For Todd Carmichael, this was personal.
A Spokane native who faced poverty as a child, the Philadelphia businessman was only trying to do the right thing last month when he offered to pay off the school lunch debts of poor families in northeastern Pennsylvania.
In mid-July, the Wyoming Valley School District had sent letters to parents, threatening to put some children in foster care because their lunch bills were unpaid.
The letter was ominous.
It read, in part: “If you are taken to Dependency Court, the result may be your child being removed from your home and placed in foster care. … Please remit payment as soon as possible to avoid being reported to the proper authorities.”
Carmichael was shocked, but he had an easy solution.

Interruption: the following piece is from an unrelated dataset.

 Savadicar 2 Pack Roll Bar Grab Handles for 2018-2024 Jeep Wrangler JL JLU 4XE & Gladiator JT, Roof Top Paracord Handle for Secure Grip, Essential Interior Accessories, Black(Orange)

And he’d done the same for other districts.
Carmichael, a millionaire and co-founder of La Colombe Coffee Roasters, offered to write the district a check for $22,647.

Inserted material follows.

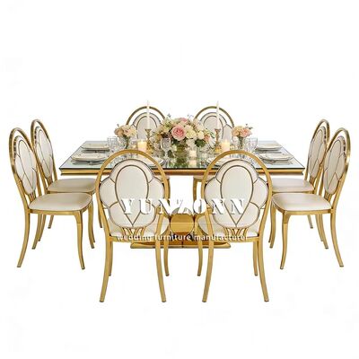 | Nom du produit: | Chaises d'hôtel de luxe élégantes en acier inoxydable doré pour événements de mariage avec un design élégant de mariée et de marié |

He didn’t want other children to feel the shame he once did in Spokane.
No thanks, said school board president Joseph Mazur, who believed that most of the families were capable of paying the debts – despite 64% of Wyoming Valley students living below the poverty line, according to the Pennsylvania Department of Education.
Charles Coslett, an attorney and school board member, poured gasoline on the fire when he told a local newspaper that “it’s a fundamental obligation of parents to house, feed, and clothe their children. It’s not our obligation.
“This nanny-state mentality is troubling to me,” Coslett said.
Shock yielded to outrage. “I was freaking angry,” Carmichael told the Philadelphia Inquirer.
Carmichael responded with a letter addressed to Mazur and published in the Wilkes-Barre daily newspaper.
“I am offering to pay this debt in full,” Carmichael wrote. “By saying no, you are not just shaming families who elected you, but you are placing this burden on the WVW taxpayers, and that is completely unfair.”
For Carmichael, this was about humiliating people who struggle – much like his own family back in Spokane.
Long before he founded La Colombe, Carmichael lived on a dirt road in the Spokane Valley in the late 1960s with a widowed mother and three sisters.
Reality slapped him in the face on the first day of first grade.
“I realized for the first time that oh, my God, we’re poor,” recalled Carmichael. “You realize that you don’t dress like everyone else and can’t afford to buy food.”
The Wyoming Valley situation received national attention. Suddenly it was the school district that was being shamed. On July 24, the district agreed to accept Carmichael’s offer.
It came grudgingly – four of district’s nine members stuck by their threat to parents – but gratifying for Carmichael.
“With the outpouring of support, I realized that a lot of Americans deal with lunch shaming,” said Carmichael, who dealt with it for years.
Most of it was internal, a loss of self-worth during a child’s most impressionable years.
Carmichael eventually outran the cycle of poverty. In 1981, he ran on a state championship cross country team at Ferris High School. He earned an athletic scholarship to the University of Washington, then worked an accountant specializing in international tax law.
While in college he worked in a Starbucks warehouse and found his passion: coffee. In 1994, he and old friend Jean Philippe Iberti opened LaColombe Torrefaction, a European-style café, in downtown Philly.
Later that year they opened a roastery. Their coffee is served at high-end restaurants around the country. LaColombe also operates 30 cafes in the U.S. and plans to expand overseas.
Along the way, Carmichael’s humanitarian passions percolated amid the coffee.
Working with ECHOES Around the World in Uganda and Wide Horizons For Children in Ethiopia, he aided hundreds of orphaned children living in Africa through Project Afrique.
Carmichael also worked to bring safe drinking water into some of the world’s coffee-drinking regions, notably Ethiopia and Haiti.
He also found time to explore. He’s been to half the countries in the world, and in 2008 became the first American to cross from the shores of Antarctica to the South Pole on foot and unassisted.
However, the 55-year-old Carmichael always finds a way to return to Spokane, where his mother and three sisters still live.
Despite the hardships, “growing up in Spokane was the best childhood I could think of for myself,” Carmichael said.